Tu penses peut-être que tout se joue au moment de conclure. En réalité, beaucoup de négociations échouent bien avant, souvent dans les premières minutes. Ce qui est intéressant, c’est que ces erreurs reviennent régulièrement, peu importe le secteur. Dans un parcours comme le BTS NDRC, on apprend vite que la préparation et la posture font déjà la moitié du travail.
1. Arriver en terrain inconnu
Ça paraît évident sur le papier, mais dans les faits, c’est encore fréquent. Se pointer en rendez-vous sans avoir creusé l’entreprise, son marché ou même ton interlocuteur, ça se voit tout de suite. Et surtout, ça s’entend.
Tu poses une question basique, tu hésites sur un chiffre, tu confonds un produit… et l’échange bascule. Ton interlocuteur comprend rapidement que tu n’as pas pris le temps. À partir de là, la relation démarre sur un déséquilibre. Dans les métiers liés à la relation client, ce manque de préparation est souvent rédhibitoire. Tu n’es plus perçu comme un partenaire potentiel, mais comme quelqu’un qui improvise. Et improviser, en négociation, ça coûte cher.
2.Parler trop tôt, écouter trop tard
Autre réflexe assez humain : vouloir bien faire, donc parler. Présenter son offre rapidement, dérouler ses arguments, montrer qu’on maîtrise son sujet. Sauf que dans beaucoup de cas, tu parles avant même d’avoir compris le besoin réel.
Résultat, tu proposes quelque chose… qui ne correspond pas vraiment. Ou seulement en partie. Et tu passes ensuite le reste du rendez-vous à rattraper le tir.
Ce décalage se ressent surtout quand tu travailles en techniques de vente. Les meilleurs profils ne sont pas ceux qui parlent le plus, mais ceux qui posent les bonnes questions au bon moment. Il y a un rythme à trouver, et il se joue dès les premières minutes.
3.Vouloir conclure trop vite
Tu sens que le client est intéressé, alors tu accélères. Tu proposes une offre, tu parles prix, tu cherches à signer. Sur le moment, ça peut sembler logique. Mais aller trop vite crée souvent de la méfiance. Une négociation, ce n’est pas une course. Si tu brûles les étapes, tu donnes l’impression de vouloir vendre à tout prix, sans prendre en compte les enjeux en face.
Dans un contexte de prospection commerciale, ce comportement est encore plus visible. Le prospect n’a pas encore installé une relation de confiance, et tu arrives déjà avec une proposition ferme. La discussion se ferme avant même d’avoir vraiment commencé.
4.Ignorer les signaux faibles
Un regard qui se détourne, une hésitation, une question qui revient… Ce sont des détails, mais ils disent beaucoup. Et pourtant, ils passent souvent à la trappe. Quand tu es concentré sur ton discours, tu oublies parfois d’observer. Tu déroules, tu enchaînes, sans capter que ton interlocuteur décroche ou doute. C’est souvent là que la négociation bascule sans que tu t’en rendes compte. Tu continues sur ta lancée, persuadé d’être convaincant, alors que la décision est déjà en train de se fermer en face.

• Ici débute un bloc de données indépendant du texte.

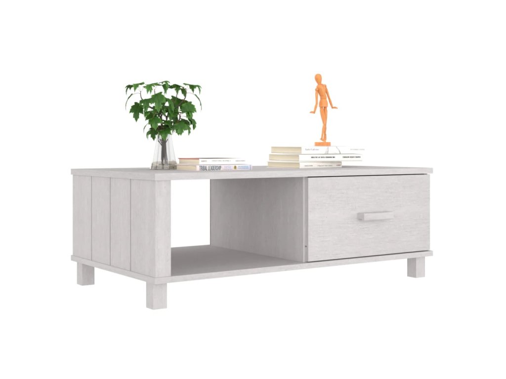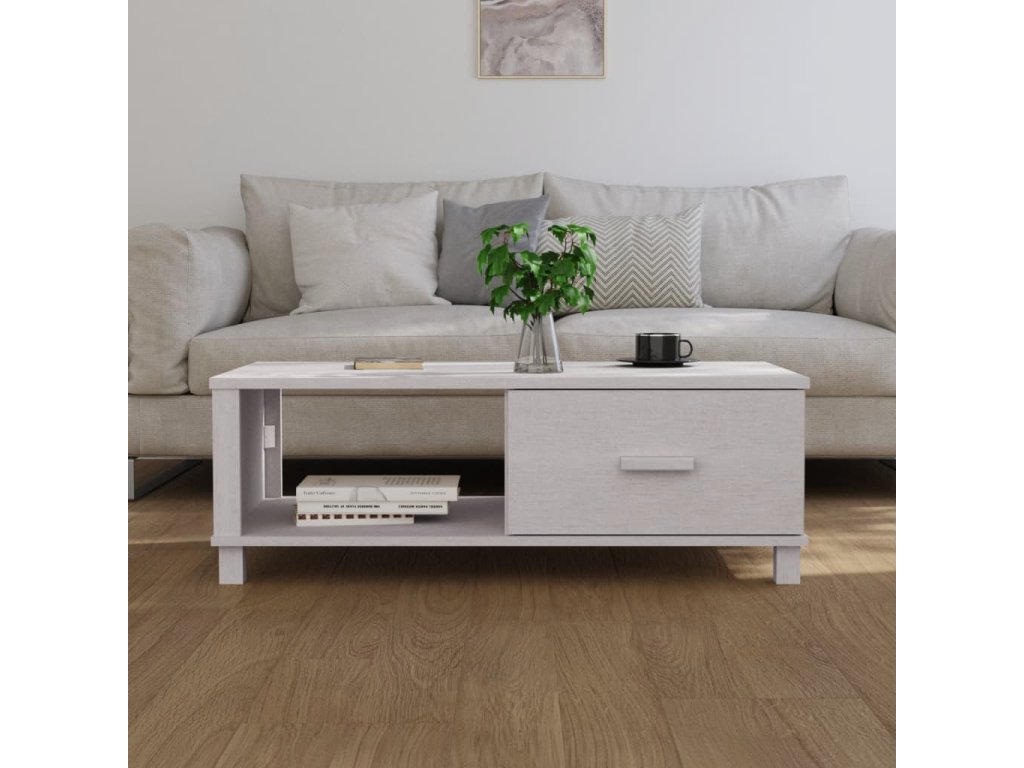 Konferenční stolek HAMAR bílý 100 x 55 x 35 cm masivní borovice 340453

5.Se positionner trop bas dès le départ
Par peur de perdre le deal, certains baissent leur prix ou font des concessions très tôt. C’est rassurant à court terme, mais problématique sur la suite. Tu installes une référence basse, difficile à remonter ensuite. Et surtout, tu envoies un message : ton offre est négociable immédiatement, sans discussion. Ce type de posture revient souvent chez ceux qui manquent d’expérience. Pourtant, avec un peu de recul, on comprend que la valeur perçue se construit dès les premiers échanges. Si tu la fragilises trop tôt, tu passes ton temps à te justifier derrière.
Oublier que la négociation est humaine
Dernier point, et pas des moindres. Derrière chaque échange, il y a une personne. Avec ses contraintes, ses objectifs, mais aussi ses doutes. Quand tu restes trop centré sur ton produit ou ton discours, tu passes à côté de cette dimension. Et c’est souvent ce qui fait la différence.
Une négociation ne se joue pas uniquement sur des arguments rationnels. Elle se joue aussi sur la capacité à créer un climat, à comprendre l’autre, à ajuster ton approche en temps réel. À IPAC Annecy, ces situations ne restent pas théoriques. Elles sont travaillées concrètement, parfois avec des erreurs, souvent avec des ajustements. C’est ce qui permet de comprendre que la négociation commence bien avant la signature, et parfois bien avant le rendez-vous lui-même.